Banku and Okra Stew: A Flavorful Harmony of Tradition and Taste
Banku and okra stew is more than just a meal in Ghana—it’s a celebration of culture, community, and flavor. Found in homes and chop bars across the country, this dish combines the tangy taste of fermented dough with the rich, hearty texture of okra, delivering a satisfying lunch that fills both the belly and the soul.
A Taste of Origin
Banku has its roots among the Ewe and Fante people of Ghana. It is traditionally made from a blend of fermented corn and cassava dough, a process that gives it its unique sour taste. This fermentation not only preserves the dough but also enhances its nutritional value. Okra stew, on the other hand, is widely enjoyed across various ethnic groups in Ghana, especially in the Volta, Northern, and Ashanti regions. The combination of okra and palm oil, seasoned with smoked fish and spices, makes the stew a flavorful masterpiece that varies slightly from region to region.

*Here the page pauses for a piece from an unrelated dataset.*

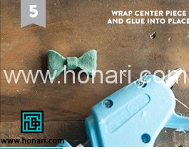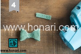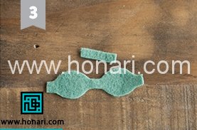 دو طرف این قطعه نمدی را به وسط تا کنید تا شکل پاپیون دیده شود و با چسب حرارتی بچسبونید .
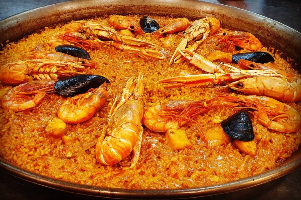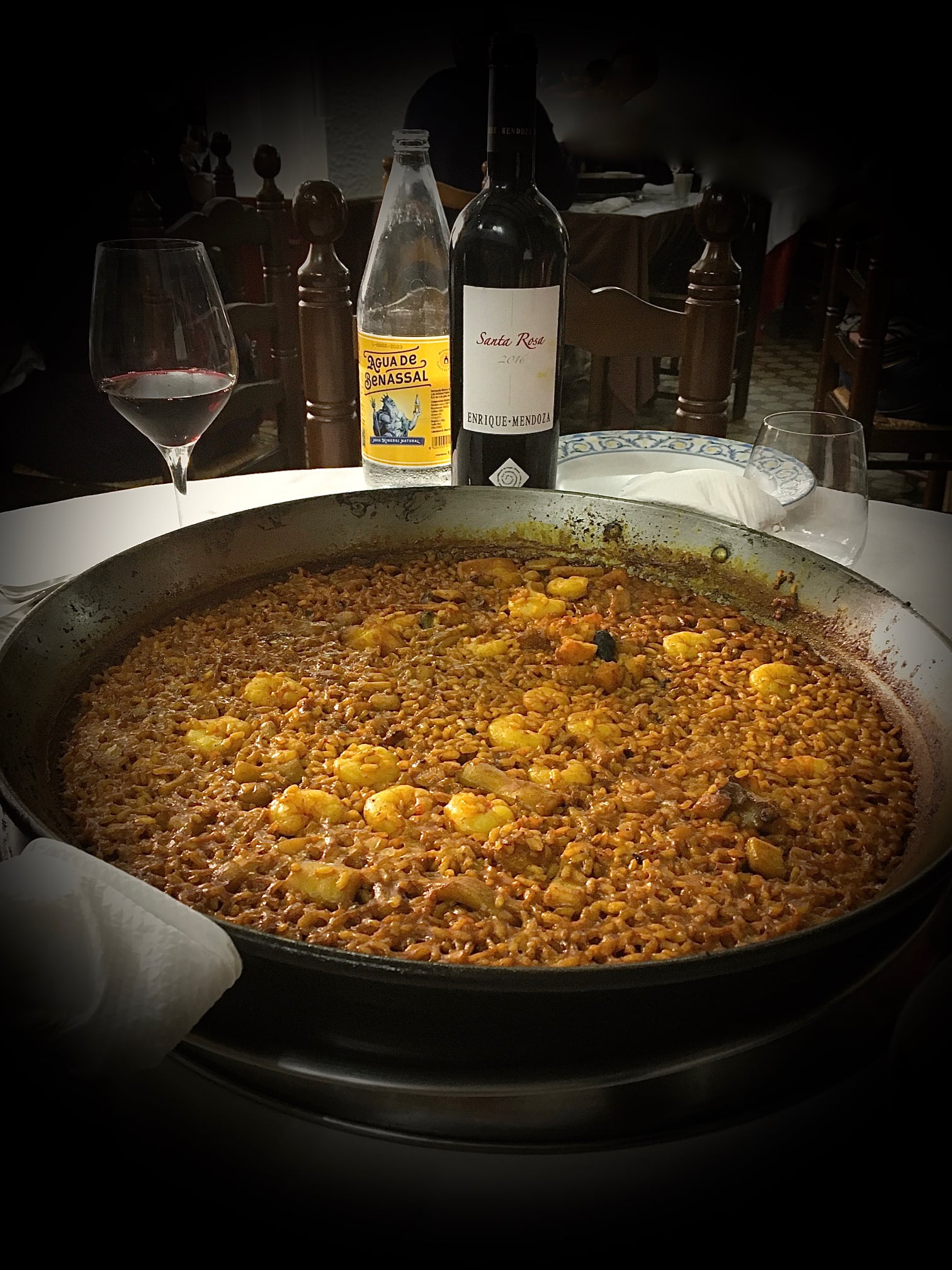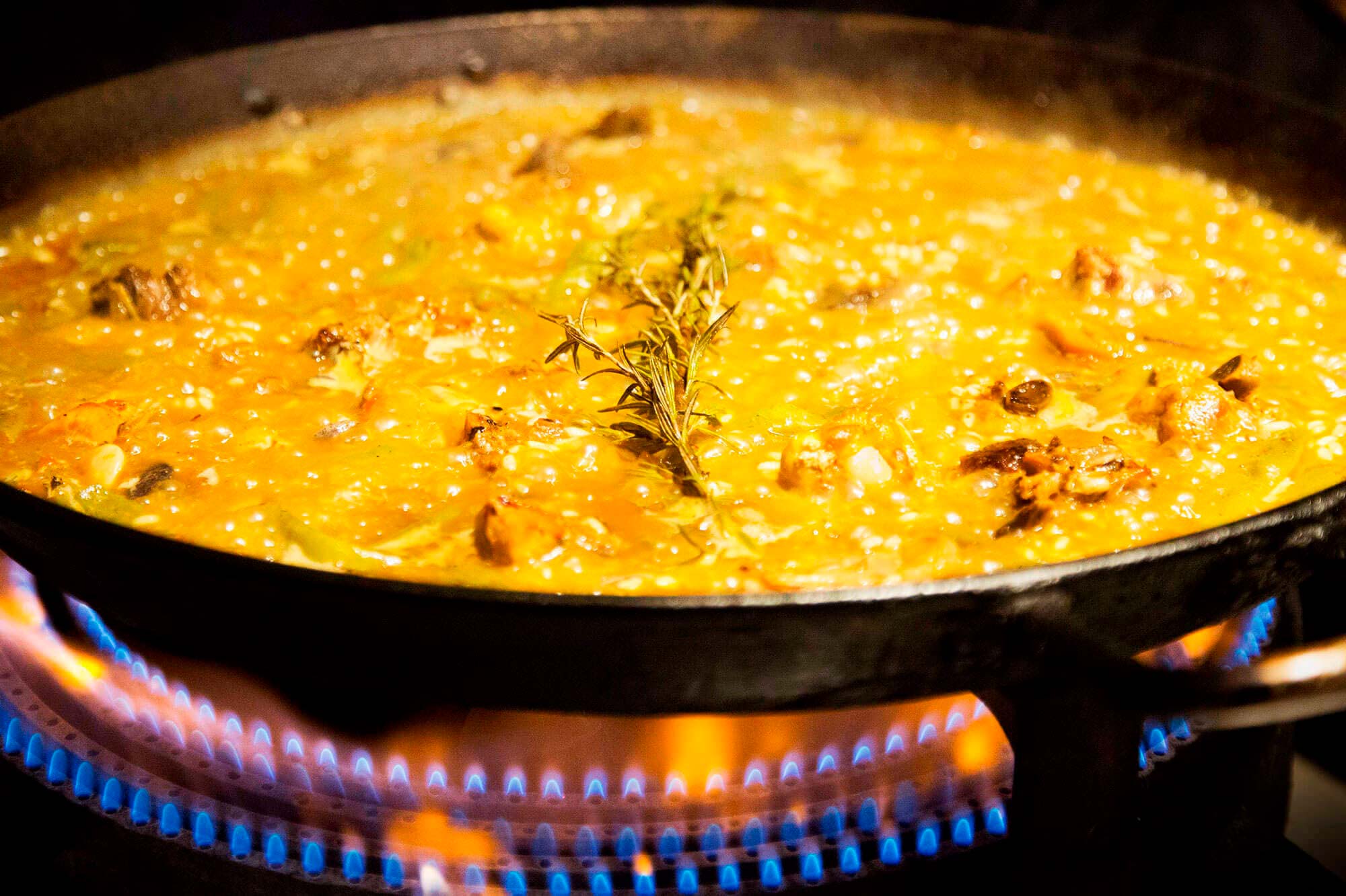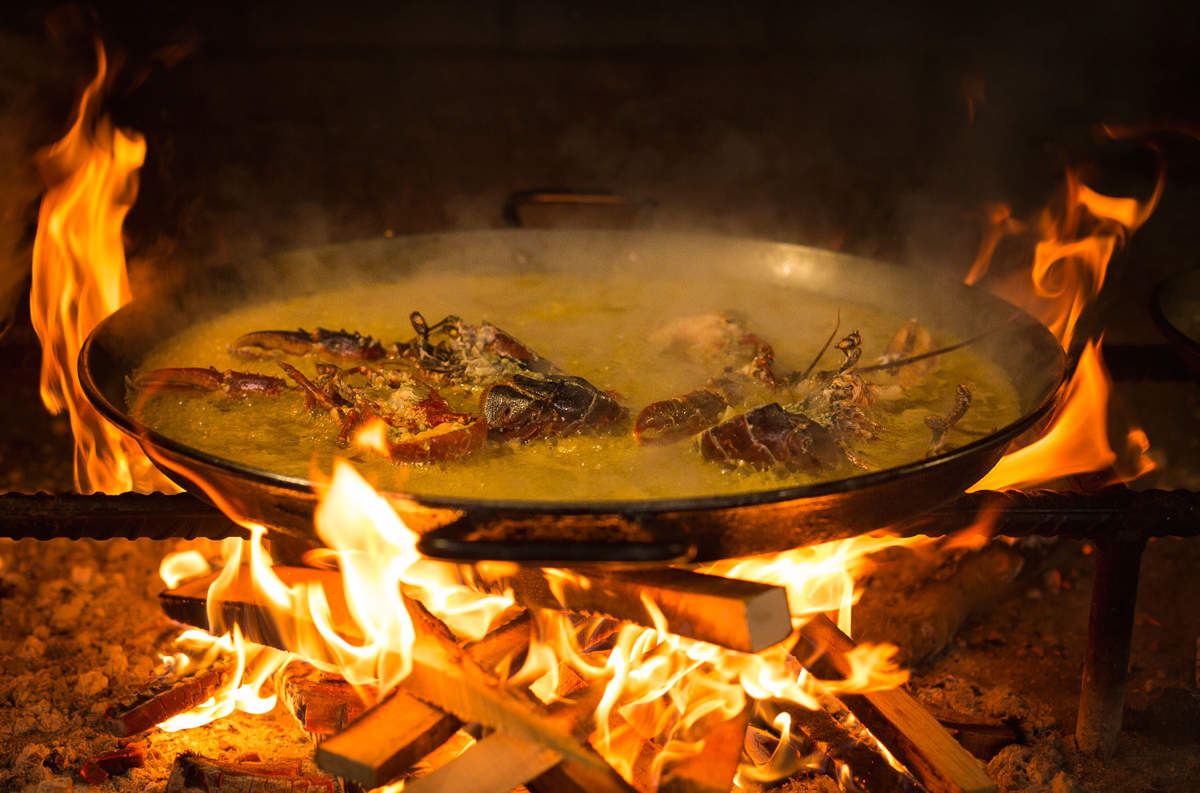 Valencian paella is made with all its classics: saffron, chicken, rabbit, bachoqueta, garrofó, sealed by the smoky flavor of the fire.

Together, banku and okra stew reflect the unity in Ghana’s diverse food culture, a dish that transcends tribe and location.
Quick Recipe
Ingredients for Banku:
2 cups of corn dough
1 cup of cassava dough
Water
Salt to taste
Ingredients for Okra Stew:
Fresh okra (chopped)
Palm oil
Onion (sliced)
Tomatoes (optional, chopped or blended)
Smoked fish, crab, or meat
Garden eggs (optional)
Pepper and salt to taste
Seasoning (maggi, bouillon cubes, etc.)
Preparation:
1. Making Banku:
Mix the corn and cassava dough with water in a pot and stir until smooth. Place on medium heat and keep stirring continuously until it thickens and forms a smooth, stretchy ball. Add salt and stir again until fully cooked.
Read also Hausa Koko and Koose: The Northern Breakfast That Warms Ghanaian Mornings
2. Preparing Okra Stew:
Boil the chopped okra lightly with a little water and stir to increase the slimy texture. In a separate saucepan, heat palm oil and fry sliced onions until fragrant. Add tomatoes (if using), pepper, and your preferred protein (smoked fish, meat, or crab). Season with salt and spices, then add the cooked okra and mix well.
Serve hot with your freshly made banku, and enjoy with your fingers for the full experience!
Banku and okra stew is not just food it’s tradition, nutrition, and satisfaction all wrapped in one bowl. Whether you grew up eating it or are just discovering it, each bite tells a story of Ghanaian heritage and culinary pride.